The response must be the exact lines from the line holding "Sun Energy CEO: Leadership" through the end of the entries, with no pictures and nothing else.
━━ Supplied material ━━
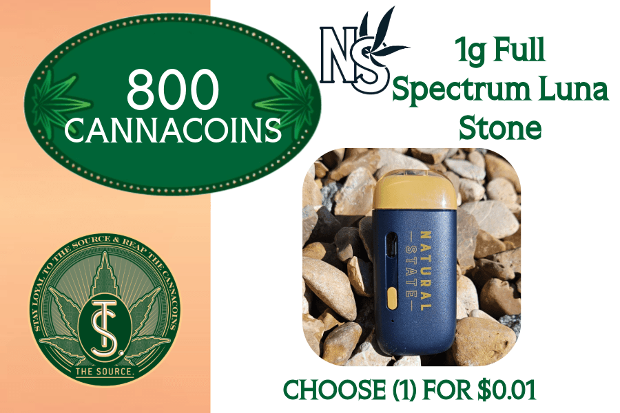 Accumulate 800 CannaCoins and redeem to get one Natural State Medicinals 1g Full Spectrum Luna Stone disposable vape for $0.01.
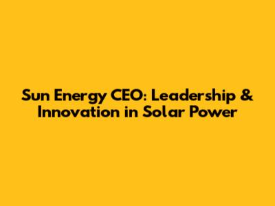 Sun Energy CEO: Leadership & Innovation In Solar Power
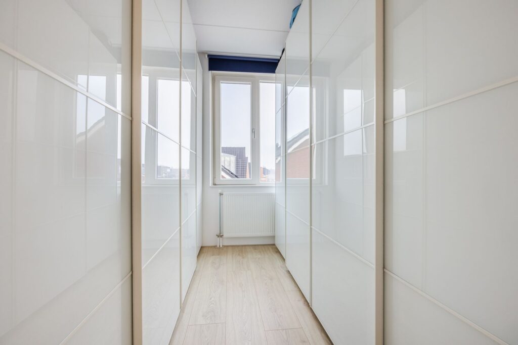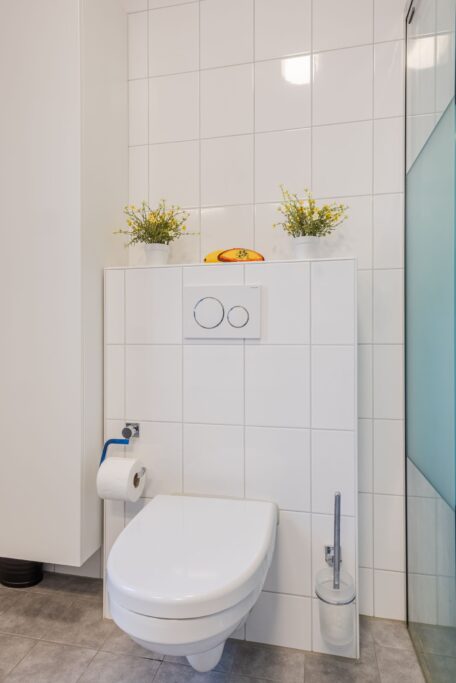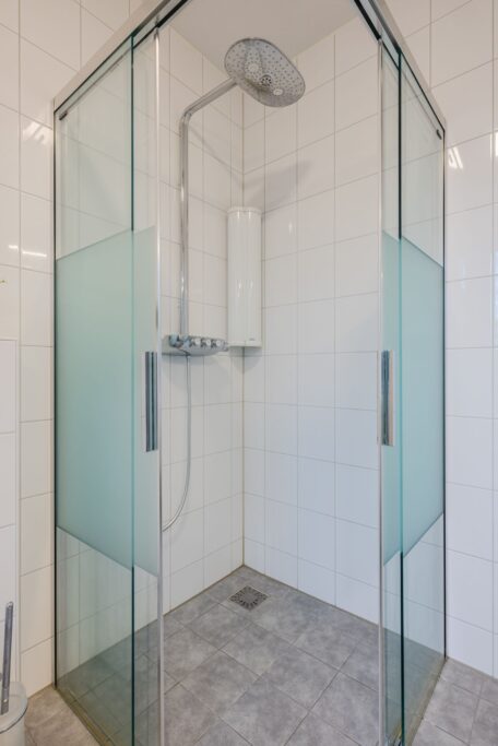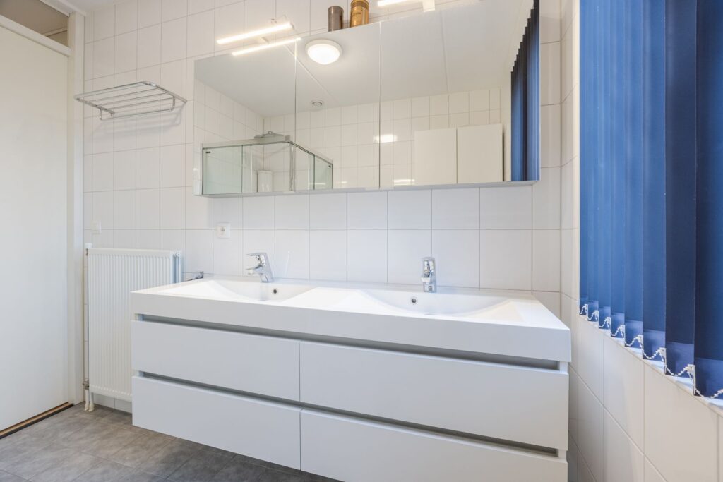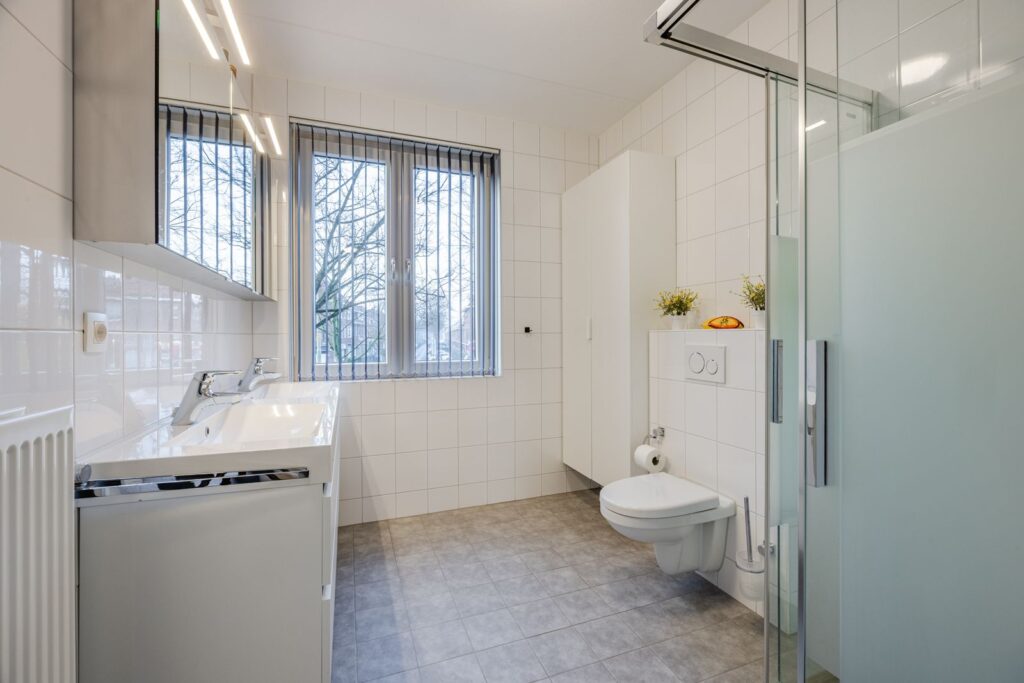 Op de eerste verdieping vind je een badkamer die je eigenlijk alleen in hotels verwacht: een luxe rainshower, een hoogwaardige Duscholux douchecabine, een dubbel wastafelmeubel én een ruime opbergkast—alles stijlvol afgewerkt. Op deze verdieping bevindt zich ook de masterbedroom over de volle breedte van de woning (ruimte genoeg voor een kingsize bed!) én een fijne tweede slaapkamer.
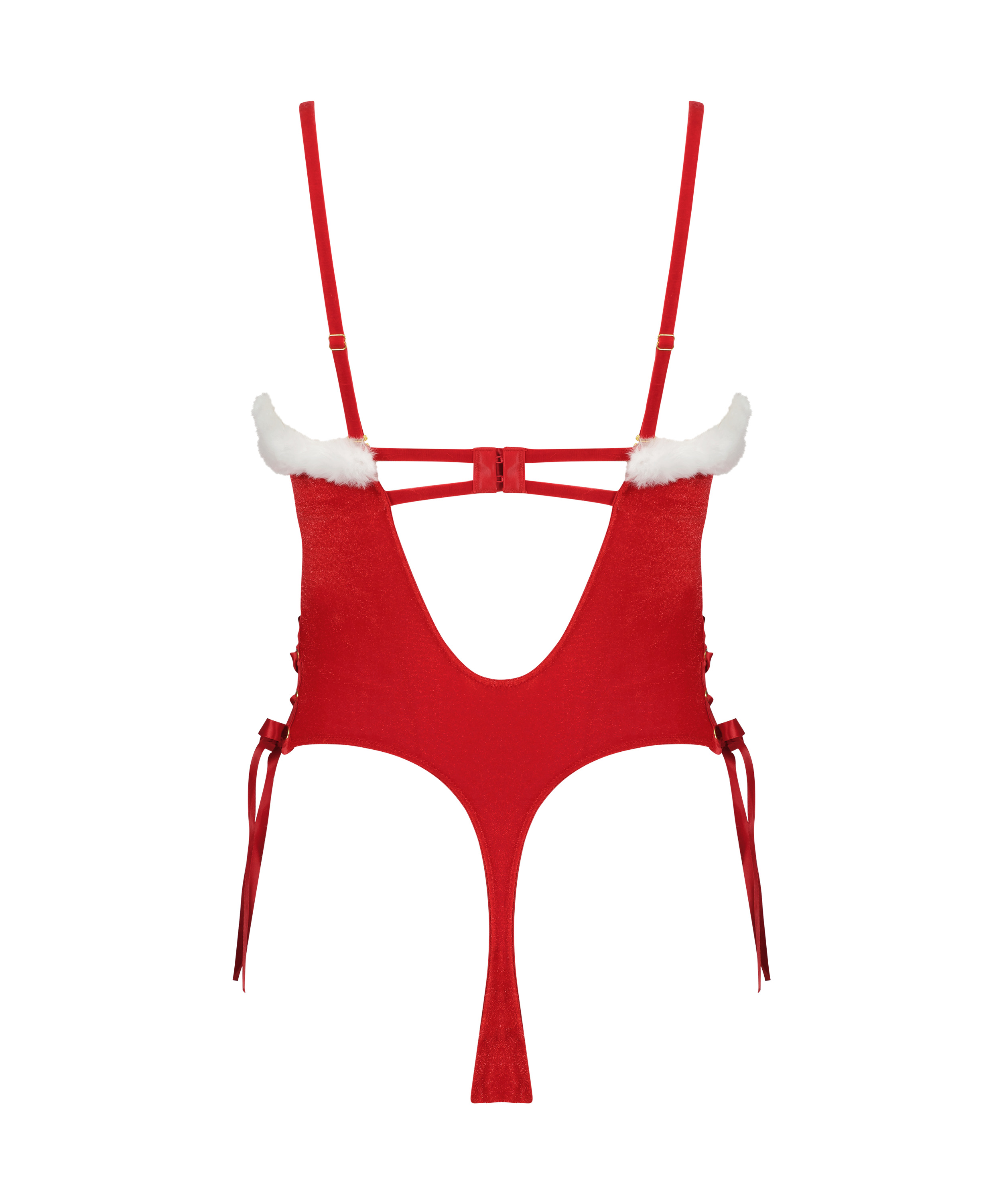 Dags att fira med denna otroliga body! Med en mjuk sammetskänsla och naturligtvis fuskpäls längs kanten. Söta rosetter på på sidor. Visa upp din julstämning!
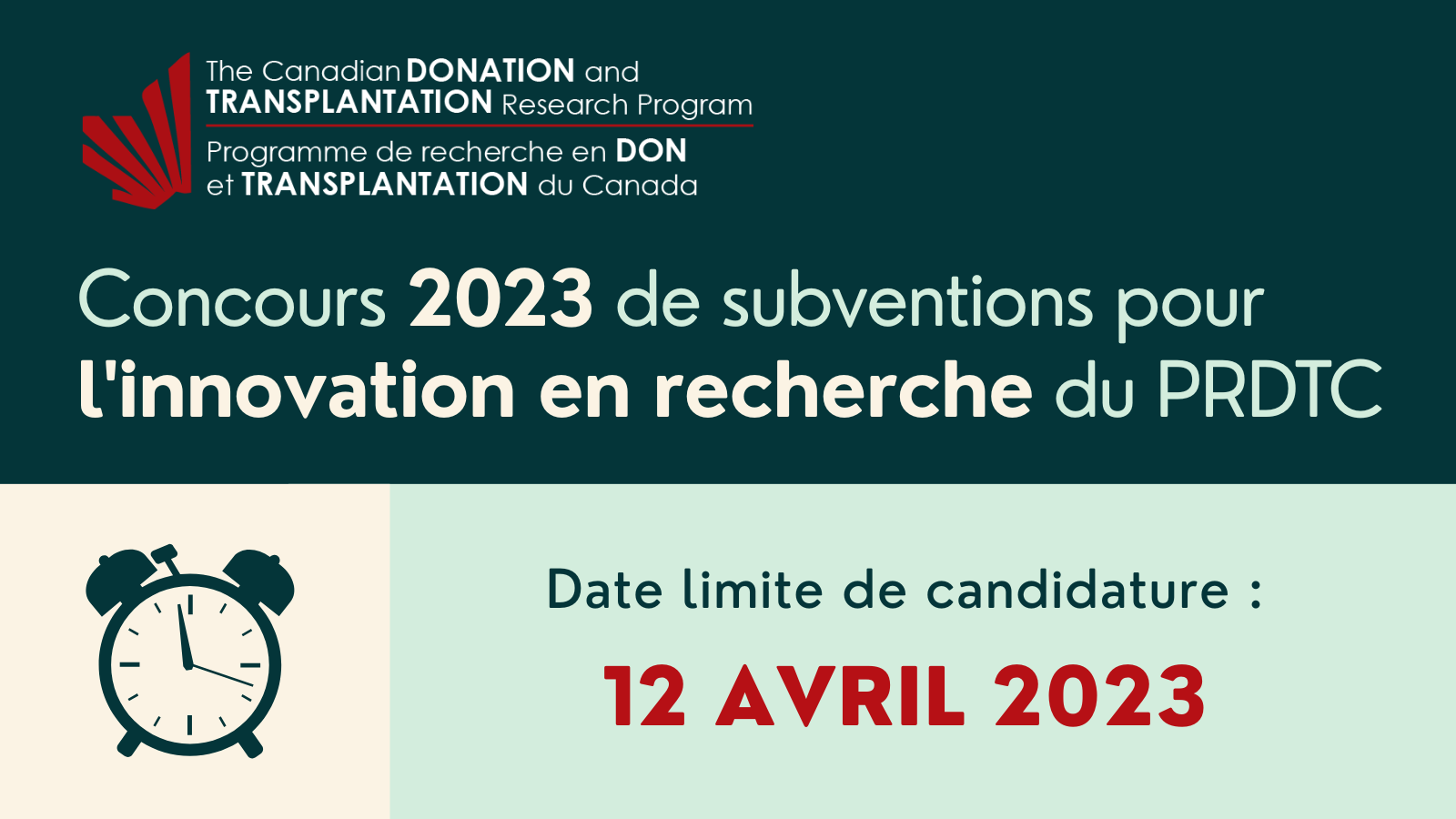 Attention à tous les chercheurs et innovateurs ! La date limite pour le Concours de subventions pour l’innovation en recherche du PRDTC est le 12 avril 2023. Ne manquez pas cette occasion de faire une différence dans le domaine de la recherche en don et transplantation. Mettez de l’avant vos meilleures idées et soumettez votre proposition avant la date limite. Ne tardez pas trop à envoyer votre demande !
━━━
> [Solution below]:
 Sun Energy CEO: Leadership & Innovation In Solar Power
 Op de eerste verdieping vind je een badkamer die je eigenlijk alleen in hotels verwacht: een luxe rainshower, een hoogwaardige Duscholux douchecabine, een dubbel wastafelmeubel én een ruime opbergkast—alles stijlvol afgewerkt. Op deze verdieping bevindt zich ook de masterbedroom over de volle breedte van de woning (ruimte genoeg voor een kingsize bed!) én een fijne tweede slaapkamer.
 Dags att fira med denna otroliga body! Med en mjuk sammetskänsla och naturligtvis fuskpäls längs kanten. Söta rosetter på på sidor. Visa upp din julstämning!
 Attention à tous les chercheurs et innovateurs ! La date limite pour le Concours de subventions pour l’innovation en recherche du PRDTC est le 12 avril 2023. Ne manquez pas cette occasion de faire une différence dans le domaine de la recherche en don et transplantation. Mettez de l’avant vos meilleures idées et soumettez votre proposition avant la date limite. Ne tardez pas trop à envoyer votre demande !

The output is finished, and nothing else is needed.